Beginning at the line containing "La maison est" in the material below and ending at the line containing "Marinière mauve en", return each line exactly and add nothing.

* **Given data**:
= Beginning of Section =

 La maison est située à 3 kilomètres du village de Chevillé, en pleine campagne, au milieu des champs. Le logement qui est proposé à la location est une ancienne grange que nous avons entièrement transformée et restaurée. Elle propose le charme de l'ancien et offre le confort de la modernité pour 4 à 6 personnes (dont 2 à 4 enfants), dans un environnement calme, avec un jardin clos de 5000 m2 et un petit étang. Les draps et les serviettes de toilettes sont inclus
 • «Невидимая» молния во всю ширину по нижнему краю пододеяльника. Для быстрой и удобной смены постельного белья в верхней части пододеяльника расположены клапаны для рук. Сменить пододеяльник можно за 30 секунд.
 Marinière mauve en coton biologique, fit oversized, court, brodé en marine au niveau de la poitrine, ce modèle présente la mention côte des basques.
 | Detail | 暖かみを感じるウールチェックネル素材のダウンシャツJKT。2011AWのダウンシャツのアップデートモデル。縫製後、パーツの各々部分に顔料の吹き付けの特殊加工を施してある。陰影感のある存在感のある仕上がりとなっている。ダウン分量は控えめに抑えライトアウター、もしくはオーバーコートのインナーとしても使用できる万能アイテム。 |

= End of Section =
= Beginning of Section =

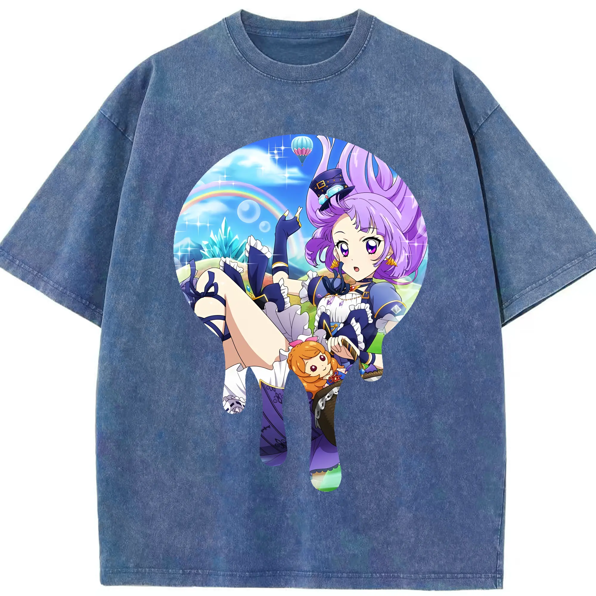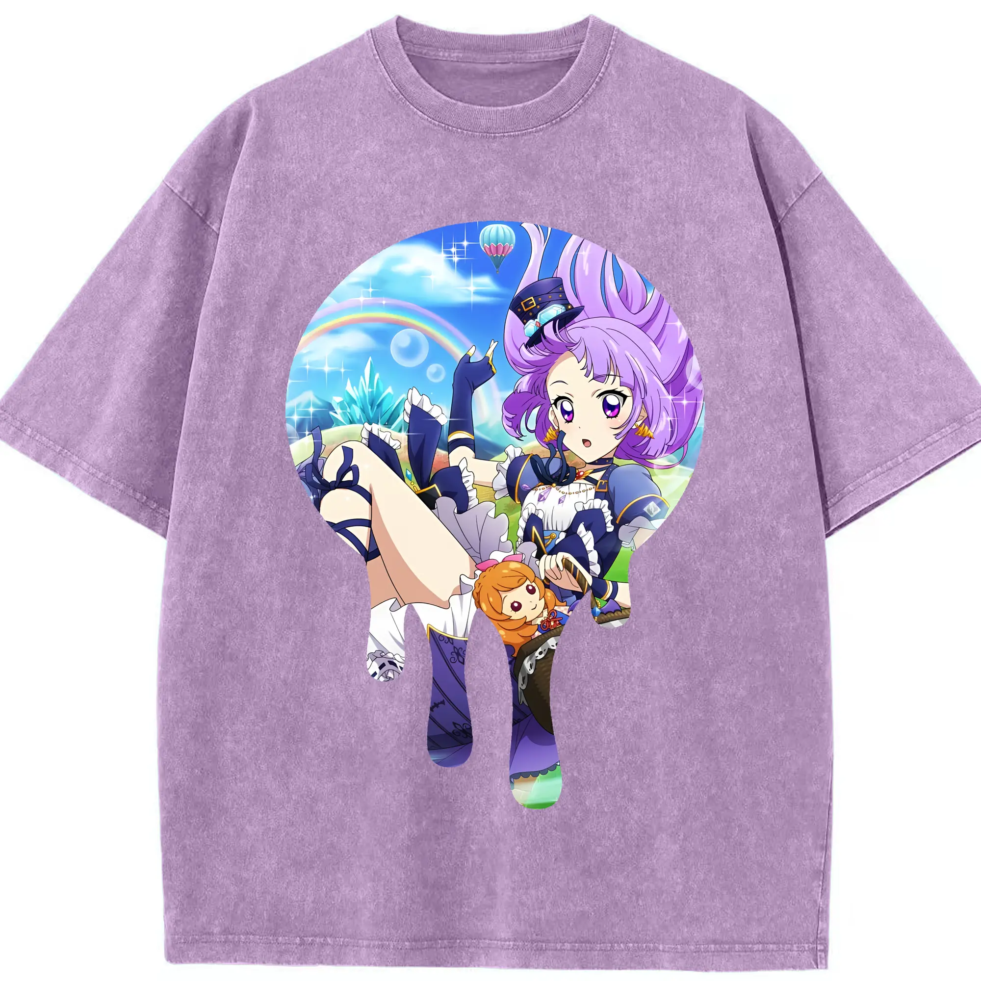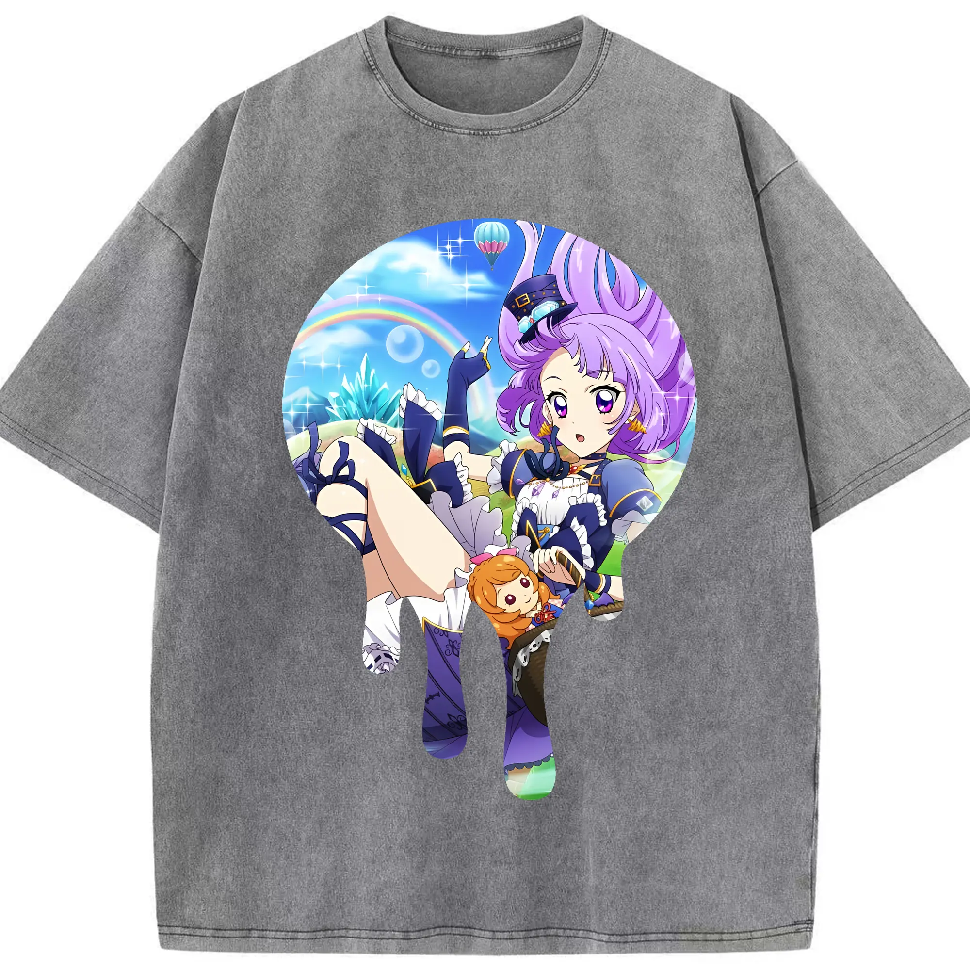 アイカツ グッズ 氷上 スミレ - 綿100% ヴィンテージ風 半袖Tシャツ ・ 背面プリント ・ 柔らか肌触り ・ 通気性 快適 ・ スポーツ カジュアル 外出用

= End of Section =

* **Reply to the task**:
 La maison est située à 3 kilomètres du village de Chevillé, en pleine campagne, au milieu des champs. Le logement qui est proposé à la location est une ancienne grange que nous avons entièrement transformée et restaurée. Elle propose le charme de l'ancien et offre le confort de la modernité pour 4 à 6 personnes (dont 2 à 4 enfants), dans un environnement calme, avec un jardin clos de 5000 m2 et un petit étang. Les draps et les serviettes de toilettes sont inclus
 • «Невидимая» молния во всю ширину по нижнему краю пододеяльника. Для быстрой и удобной смены постельного белья в верхней части пододеяльника расположены клапаны для рук. Сменить пододеяльник можно за 30 секунд.
 Marinière mauve en coton biologique, fit oversized, court, brodé en marine au niveau de la poitrine, ce modèle présente la mention côte des basques.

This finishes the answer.